§ THE PROBLEM: Skip the pictures and write out, word for word, the lines below from the one with "Match: Tottenham Hotspur" through the one with "THE NAIL is", inclusive.

§ GIVEN MATERIAL:
○ ○ ○ ○ ○
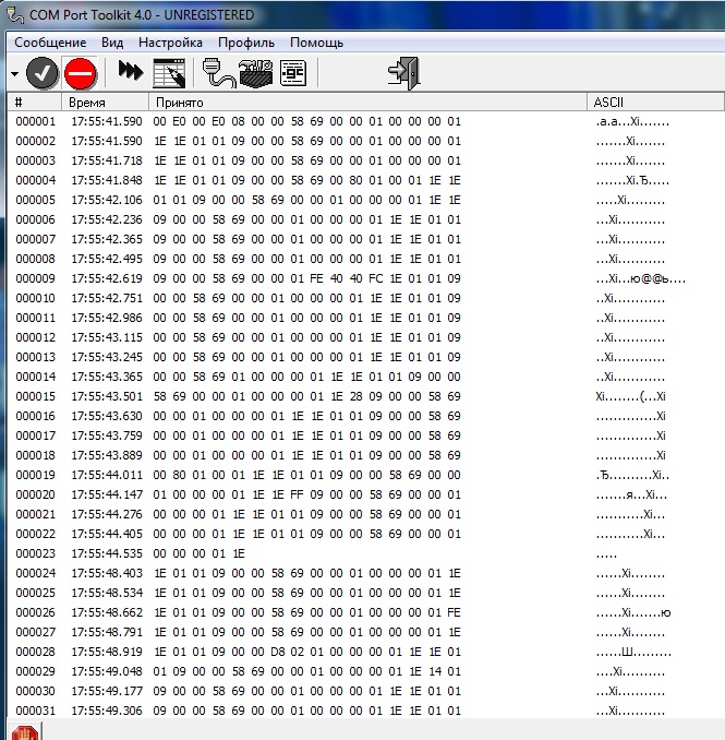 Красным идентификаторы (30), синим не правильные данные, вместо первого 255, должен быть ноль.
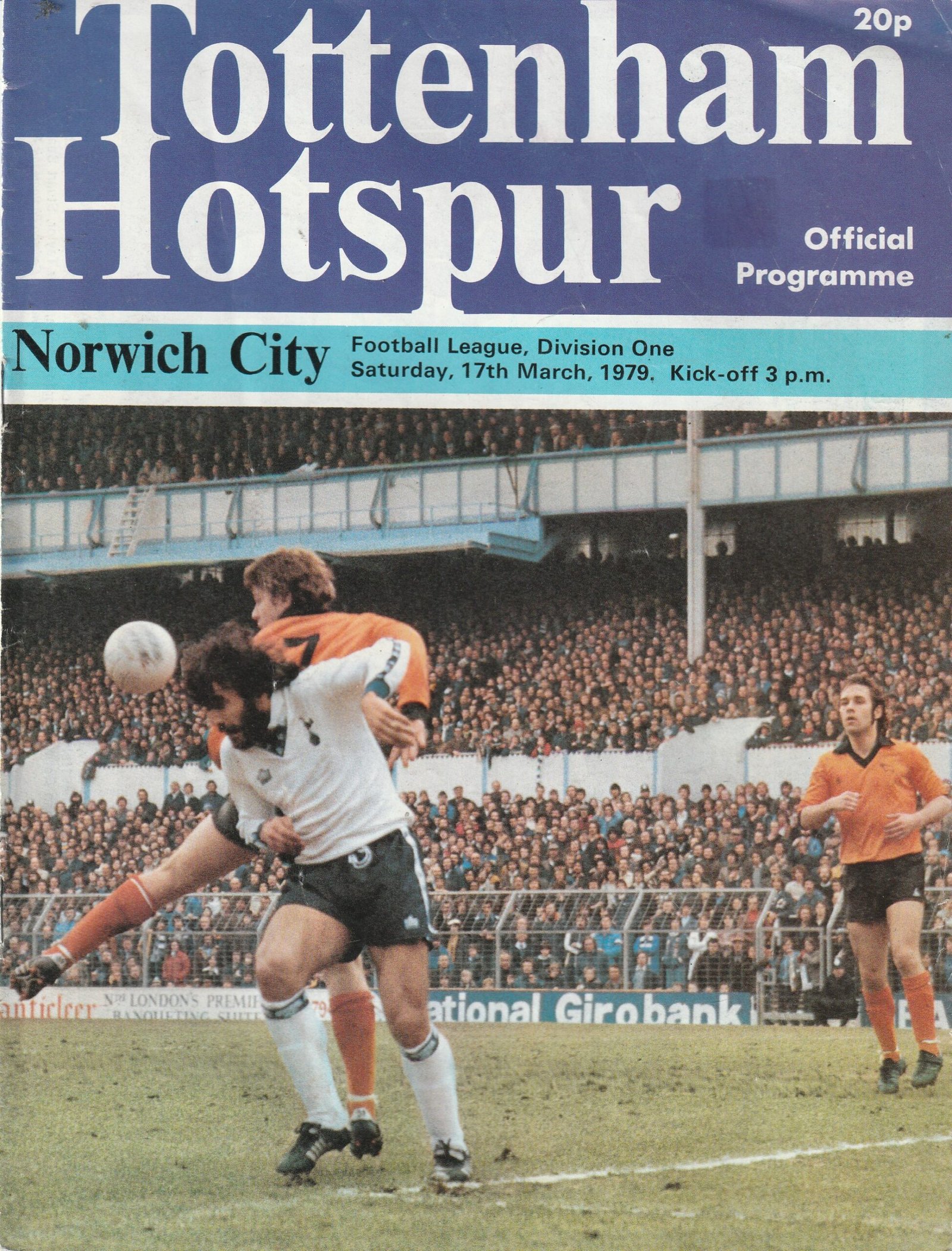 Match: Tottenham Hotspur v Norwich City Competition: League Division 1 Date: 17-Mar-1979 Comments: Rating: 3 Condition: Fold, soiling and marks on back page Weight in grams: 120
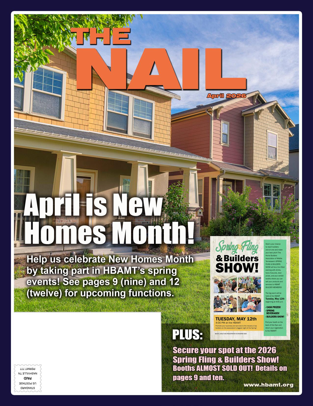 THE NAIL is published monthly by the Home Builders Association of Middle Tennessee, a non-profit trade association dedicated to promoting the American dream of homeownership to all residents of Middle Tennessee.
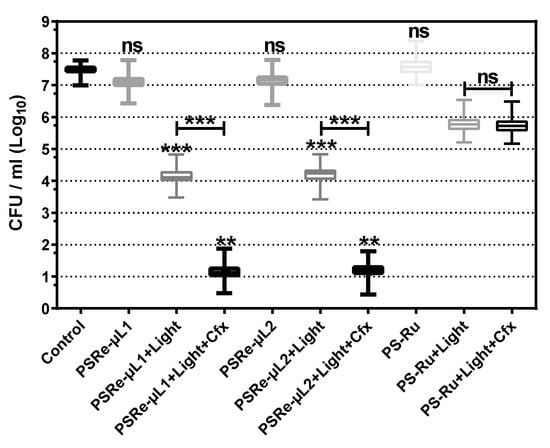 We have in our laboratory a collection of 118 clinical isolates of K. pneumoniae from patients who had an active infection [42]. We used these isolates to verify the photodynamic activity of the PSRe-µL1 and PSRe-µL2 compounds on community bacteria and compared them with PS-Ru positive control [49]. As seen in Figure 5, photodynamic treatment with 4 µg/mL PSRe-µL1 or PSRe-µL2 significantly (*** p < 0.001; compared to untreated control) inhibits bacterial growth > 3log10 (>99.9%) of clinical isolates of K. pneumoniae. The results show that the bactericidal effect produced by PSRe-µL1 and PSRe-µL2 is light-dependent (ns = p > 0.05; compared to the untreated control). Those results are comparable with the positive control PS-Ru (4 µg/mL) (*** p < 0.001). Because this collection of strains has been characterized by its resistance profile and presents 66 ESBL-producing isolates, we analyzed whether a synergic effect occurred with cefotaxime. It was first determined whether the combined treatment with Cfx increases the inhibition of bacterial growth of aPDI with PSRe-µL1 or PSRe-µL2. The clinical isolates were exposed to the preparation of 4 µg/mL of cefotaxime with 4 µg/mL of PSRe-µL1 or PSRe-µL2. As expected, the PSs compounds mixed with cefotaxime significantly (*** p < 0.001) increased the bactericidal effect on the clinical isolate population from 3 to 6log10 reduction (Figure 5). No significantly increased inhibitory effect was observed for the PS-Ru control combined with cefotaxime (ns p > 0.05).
○ ○ ○ ○ ○
§ EXERCISE OUTPUT:
 Match: Tottenham Hotspur v Norwich City Competition: League Division 1 Date: 17-Mar-1979 Comments: Rating: 3 Condition: Fold, soiling and marks on back page Weight in grams: 120
 THE NAIL is published monthly by the Home Builders Association of Middle Tennessee, a non-profit trade association dedicated to promoting the American dream of homeownership to all residents of Middle Tennessee.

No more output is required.